The classifier prompt without tools still has the cache_control marker in the code — it costs nothing, and if Anthropic lowers the minimum, the savings activate automatically.

Step 2: Deterministic prefilter

About 40–50% of play-by-play events are obviously routine before any LLM sees them. Four rules handle them:

Substitutions — always skip. No game-state implication.
Period and game markers — housekeeping events with empty descriptions.
Timeouts in Q1 or Q2 — no strategic pressure yet. Q3 onward goes to the classifier.
Free throws when the margin is 15+ points in Q1–Q3 — in a blowout, a free throw changes nothing narratable.

The design principle is conservative. If a rule would drop even one narratable play per game, it doesn't belong here. Q4 free throws are never prefiltered regardless of margin — foul-trouble logic and intentional fouling make them worth the classifier's attention. The prefilter returns an Action enum value matching the classifier's own skip taxonomy, so the calling code treats both identically.

19 unit tests. Nothing clever.

Step 3: Model swap

The classifier's job is routing — yes or no, and which tool to call first. It doesn't need to write prose or reason about narrative weight. Haiku is a cheaper model overall, and for a binary routing decision it's more than capable. The narrator, which actually has to produce something worth reading, stays on Sonnet.

The measurement backed this up. On 8 realistic events run through both models side-by-side:

Model	Input tokens	Output tokens	Cost
Sonnet 4.6 (with caching)	1,572 system	~80 output	baseline
Haiku 4.5 (no caching)	1,572 system	~26 output	39% cheaper

Haiku writes terser responses. Output tokens are billed at $5/MTok for Haiku vs $15/MTok for Sonnet — and Haiku produces about 3× fewer of them. That dominates the math once you're past the first cold call.

Agreement rate across the 8 events: 7/8 (87%). The one disagreement was a semantic equivalence — both models correctly chose not to analyze the event, just into slightly different skip buckets.

The combined picture

Step	Effect
Prompt caching	Reduces per-call input cost after the first event
Prefilter	Eliminates ~40–50% of classifier calls entirely
Haiku classifier	39% cheaper per remaining classifier call

Projected per-game cost: down 60–70% from the $3–$4 baseline.

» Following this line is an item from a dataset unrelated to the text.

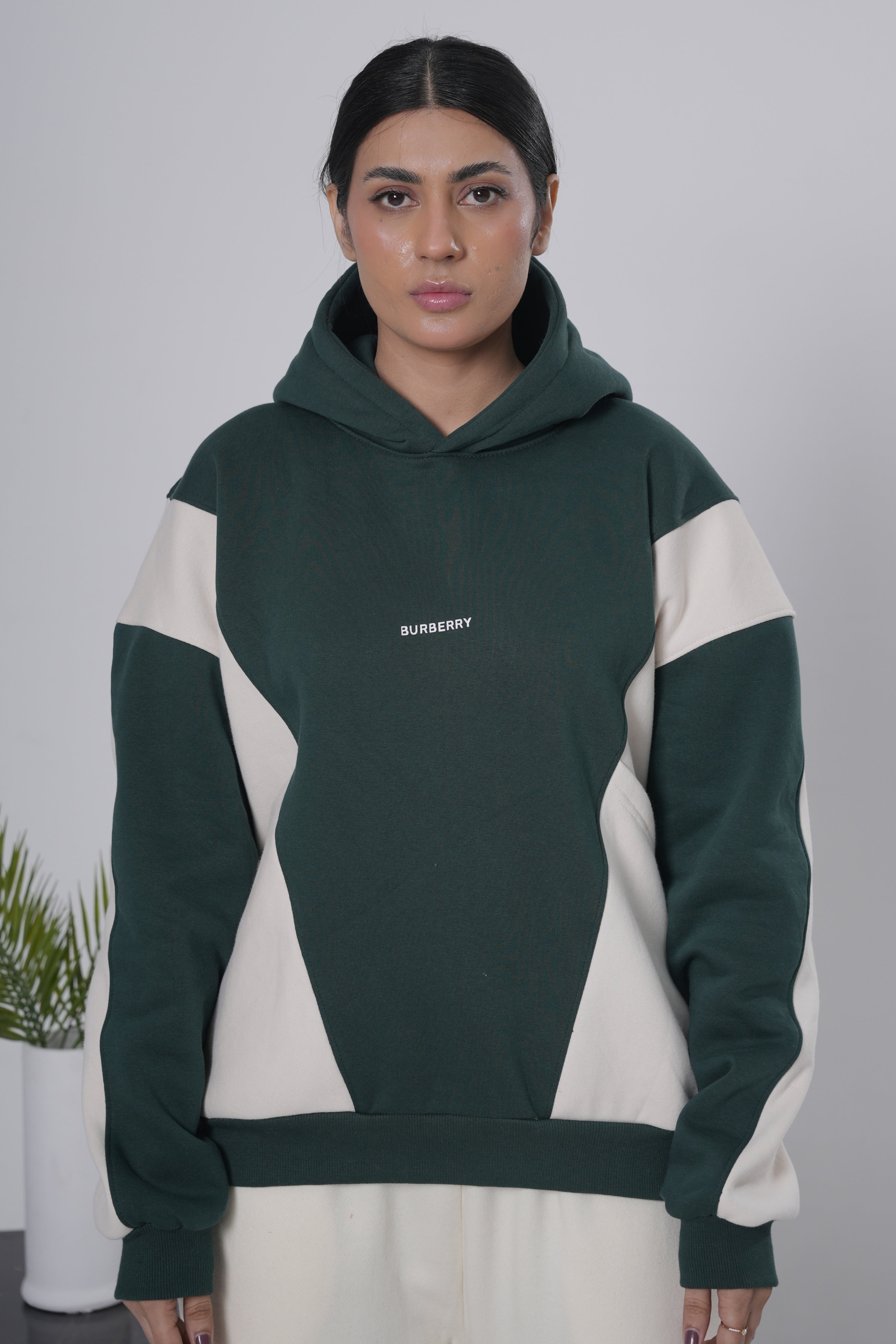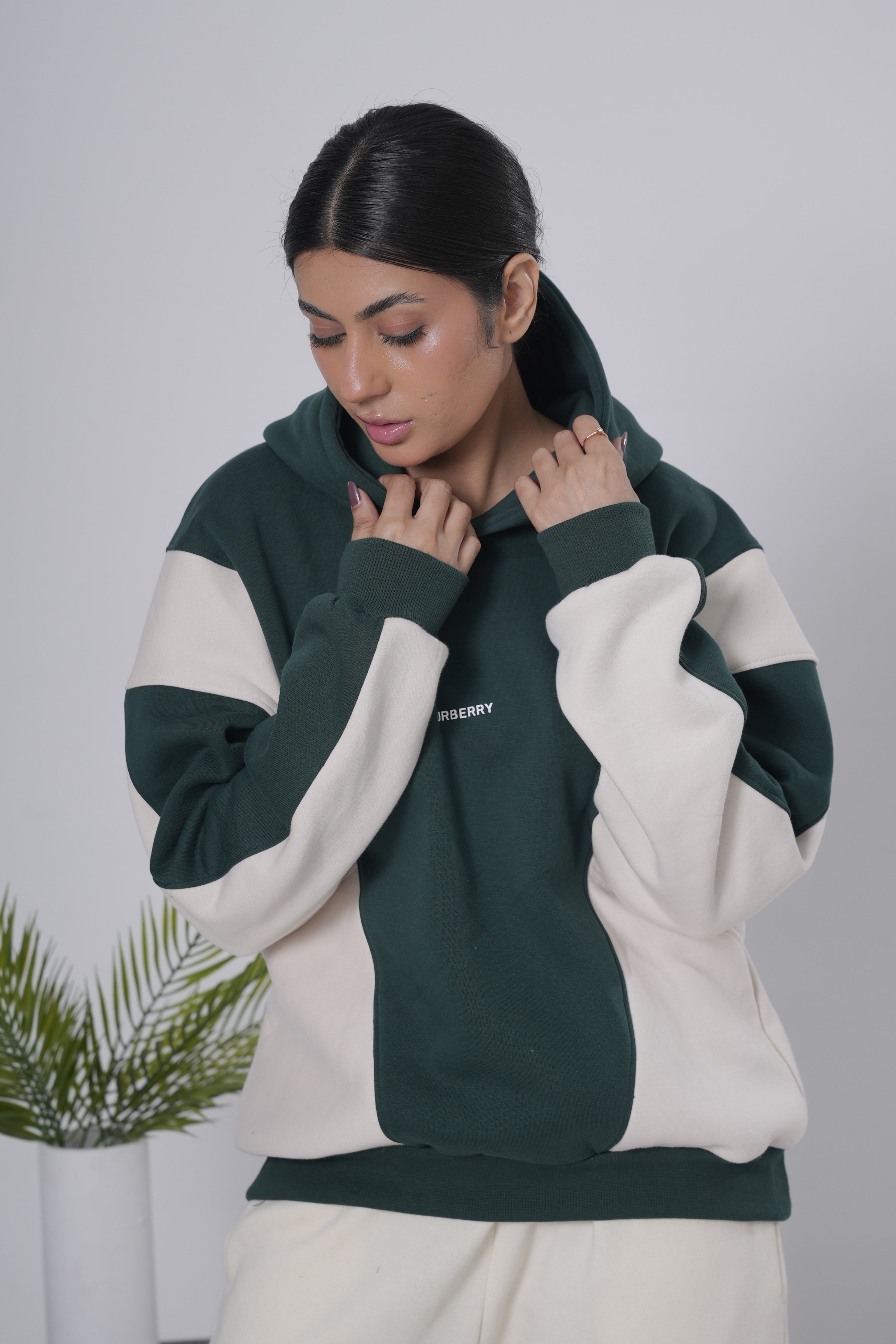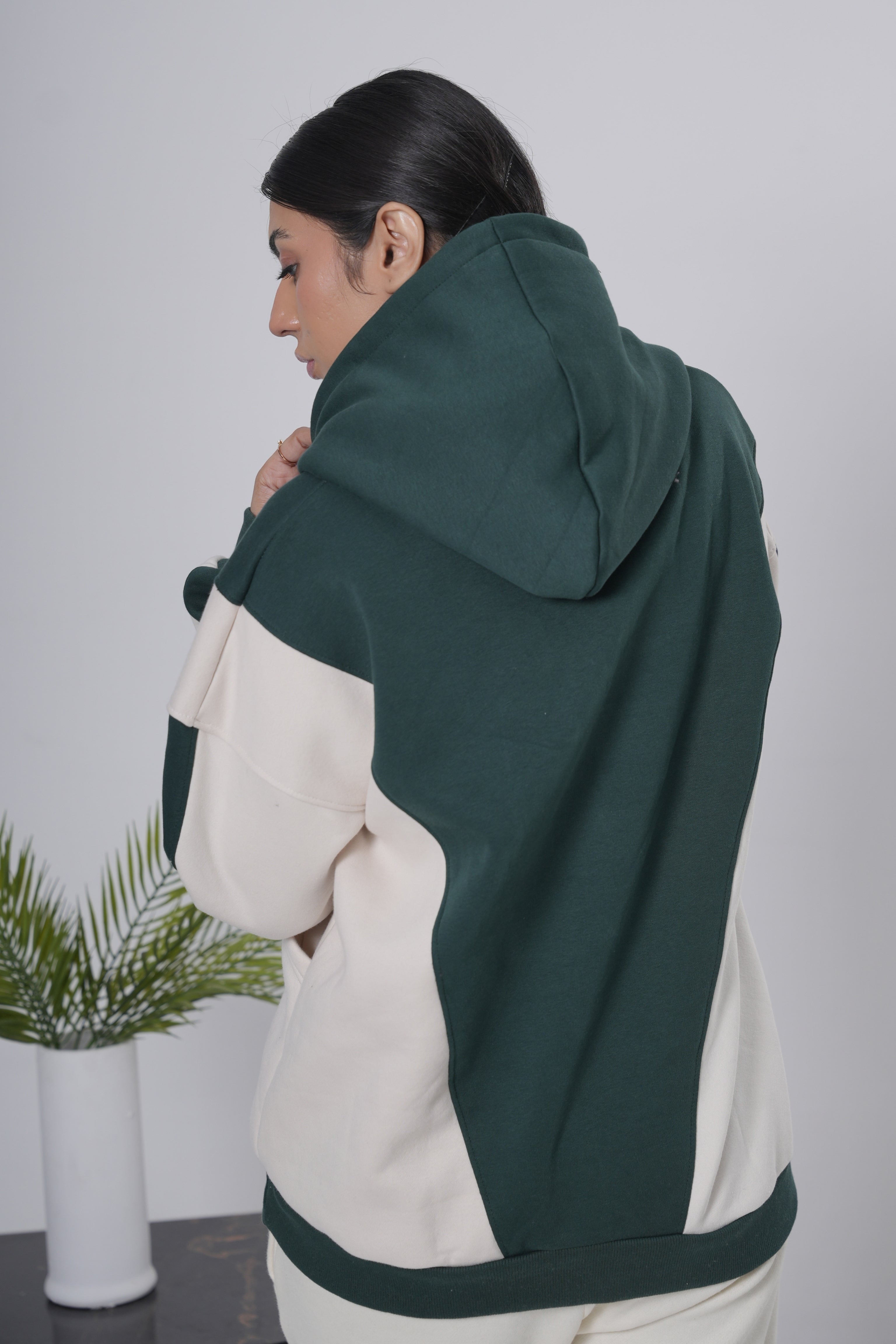 Forest Green & Off-White Color Block Hoodie

Three of these steps are pretty straightforward. The interesting one was the model swap — not because the result was surprising, but because the output token rate is what actually drives the cost difference. Measure the output side too.

This is the last post in this initial series on building agentic systems. The project started as an experiment in queue-driven agents and ended up touching a surprising range of real engineering problems — state management, third-party library debugging, async constraints from protocol-level integrations, and cost optimization that required actual measurement to get right.

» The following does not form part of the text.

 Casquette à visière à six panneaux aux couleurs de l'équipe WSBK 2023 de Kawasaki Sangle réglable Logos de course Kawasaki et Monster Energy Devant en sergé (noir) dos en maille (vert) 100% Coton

A few directions I'm thinking about exploring next:

Persistence layer with pgvector. Right now play-by-play events are consumed and discarded — only the generated insights are written to disk. Adding Postgres with pgvector would let the agent store every event and retrieve semantically similar historical moments at query time. That opens up richer career comparisons ("the last time a player scored 7 straight points in Q4 of a playoff game") without having to call the NBA API mid-stream.

Local LLM for the classifier. Haiku is already cheap, but it still means an API call per event. Running a local model via Ollama for the classifier would bring that cost to near-zero and remove the dependency on an external service for what is essentially a routing decision. The tradeoff is model quality and setup overhead — but a classifier that only needs to output a label is probably a good candidate for a smaller local model.

Apache Flink. The current consumer is a hand-rolled polling loop with a GameContextTracker managing state in memory. Flink would replace that with a proper stateful stream processing layer — one that handles windowing, fault tolerance, and exactly-once semantics natively. It's a meaningful step up in infrastructure complexity, but it's also the natural next layer for this pattern: once you're doing real-time stateful event processing, Flink is what that looks like at scale.